Wednesday, July 8, 2009
An MOJ Reader Responds
William Junker writes:
David Gibson's
misrepresentation of the encyclical resides chiefly in
his claim that “what is clear, whether one reads every word or just
excerpts, is that the pope is a liberal, at least in American
political terms.” This is the mistake that Reese also makes. It is
true, of course, that the specific economic policies preferred by the
Pope and articulated in CV are more progressive and redistributive
than any of those on offer in America. But it is also true that the
specific social views outlined by the encyclical–pertaining to
abortion, marriage, contraception, euthanasia, and reproductive health
technology–are much more “conservative”–I place this in quotes to note
that these are really positions demanded by the natural law–than any
on offer in America.
I am aware that Gibson chose to focus on the economic aspects of the
encyclical, and it is true that if these are taken in isolation from
the anthropology that subtends them, the Pope looks something like
what in America we call a liberal. My point is simply that they cannot
be so taken, that the Christocentric anthropology on offer from the
Pope extends from conception, through the activities and structures
constituting social life, till natural death, and consequently that
the principles and policy prescriptions that follow from this
anthropology cannot be reduced--as they are reduced in Gibson, Reese,
and Weigel--to the conceptual categories of liberalism.

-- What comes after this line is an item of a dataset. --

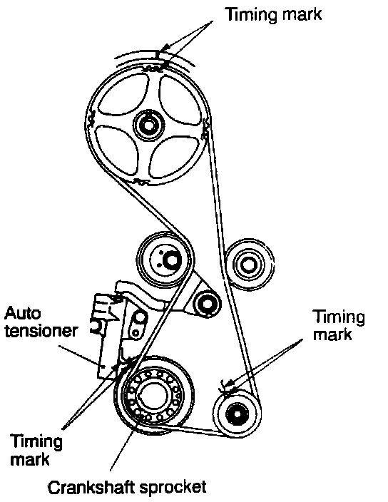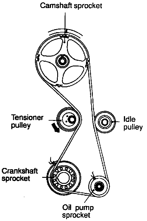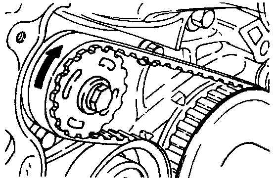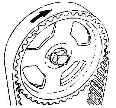 NOTE: Chalk an arrow mark indicating the rotation direction on the back of the timing belt for reassembly.

The ideological liberalism of these authors disintegrates what in
reality is a seamless whole: Weigel sees the "real" Benedict in those
portions of the encyclical that seem to align with conservative
liberalism, while Gibson and Reese see the "real" Benedict in those
portions that seem to align with liberal liberalism. What they all
miss, of course, is precisely the fact that the thought of Benedict--
the thought of the Church--cannot be so parsed: not because it
constitutes a reconciliation of these forms of liberalism but because
it refuses to be bound by the dictates of liberalism itself. It is
therefore quite possible that what commentators are beginning to
describe as the encyclical's disunity, its apparent inconsistency in
tone, language, and argumentation, is less a reflection on the
encyclical itself than on the interpretive assumptions of its readers.